I give him a deadpan stare and squeeze the Gatorade in his face, making him wince.

“Asshole,” he mumbles while wiping his face. “You need to stop fucking around, man, it’s as simple as that. You have the respect for her, so back it up. Have the respect to stop fucking with other girls and make her your main priority.

“Fight for her, make her swoon, be kind to her, be there for her, and love her like nobody else can. Not some random guy she’ll meet at a bar, not another NFL player, and certainly not Ted. Love her the way only you can. Just please, for the love of God, keep your dick in your pants for a while and don’t fuck this up for yourself. No more chances will be given, Nick. You know this. Not by Rodger Steel, not by her brothers, not by Elaine Steel, and most certainly not by her. You’re in for the ride of your life, Nick, so strap yourself in.” He pats my shoulder. “Haley and I will be right behind you, and I’m pretty sure Danielle will be too.” He winks at me and pats my back for added reassurance. I know he’ll be there for me wherever this goes.

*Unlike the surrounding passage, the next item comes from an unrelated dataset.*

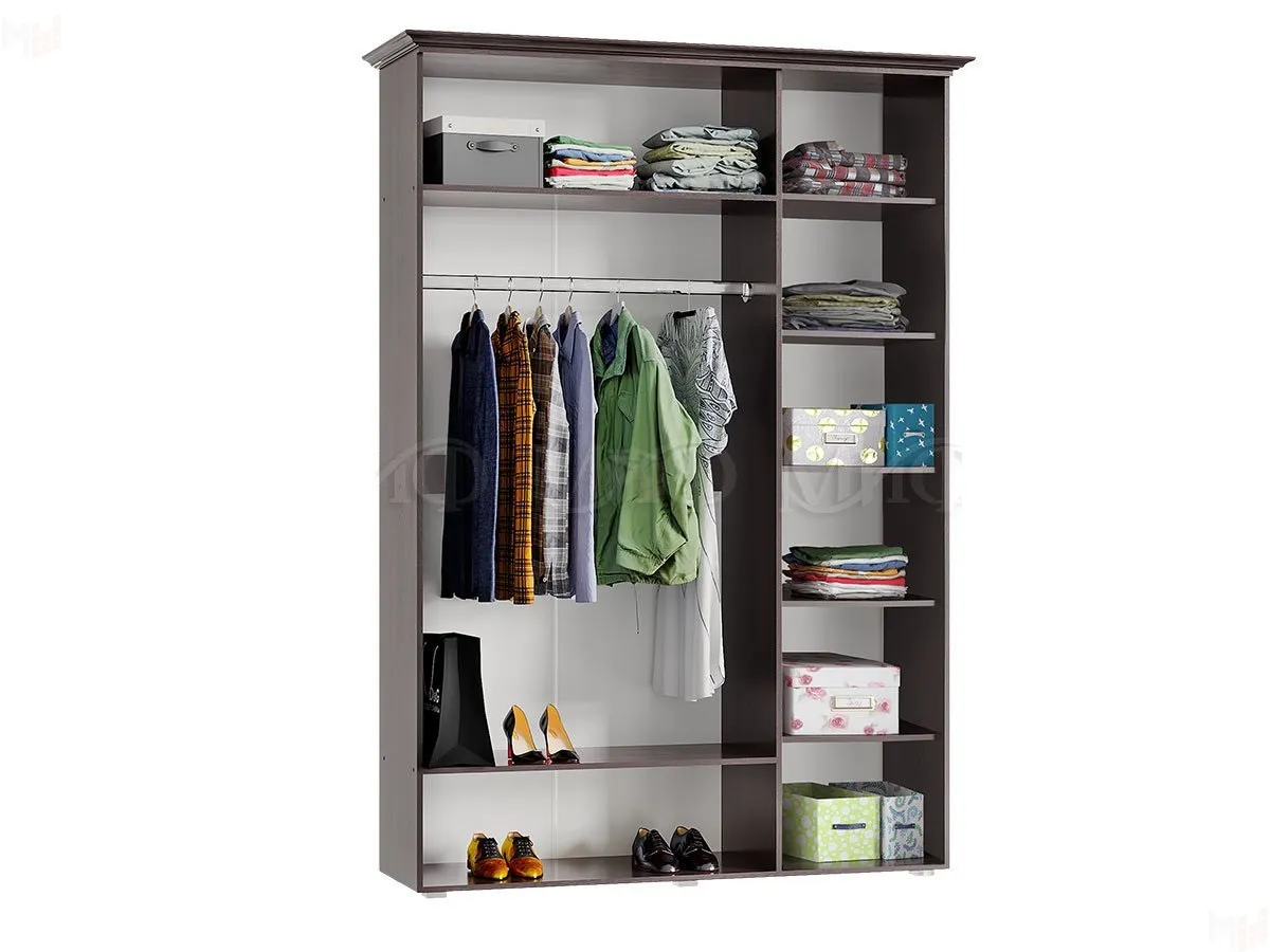 Наполнение шкафа - слева секция с полками для белья, справа отделение со штангой для верхней одежды, полка в верхней и нижней части шкафа.

One more shot, and if it doesn’t work out, then I’ll walk away and leave her to a life of happiness with whoever it may be with. Even though it will kill me to walk away again, I want her to be happy, and if it’s not with me, then so be it; I still want that chance.

We hear a knock on the door to our right and we both see Haley in her pajamas smiling and hanging out of the door. “You both okay?” she asks with a tired smile on her face. We both nod and TJ pushes himself up off the chair.

“I’m going up to bed,” he says to the both of us. He stops in front of my sister and kisses her sweetly. For the first time in my life, I didn’t cringe at the sight of it. In fact, it was something I was missing.

Love.

I was missing that look she was giving him in my life. I was missing that look from the woman that I love.

“Alright, babe. I’ll be up soon.” She shuts her eyes as he kisses her head. “I love you,” she whispers delicately.

“I love you,” he responds without hesitation.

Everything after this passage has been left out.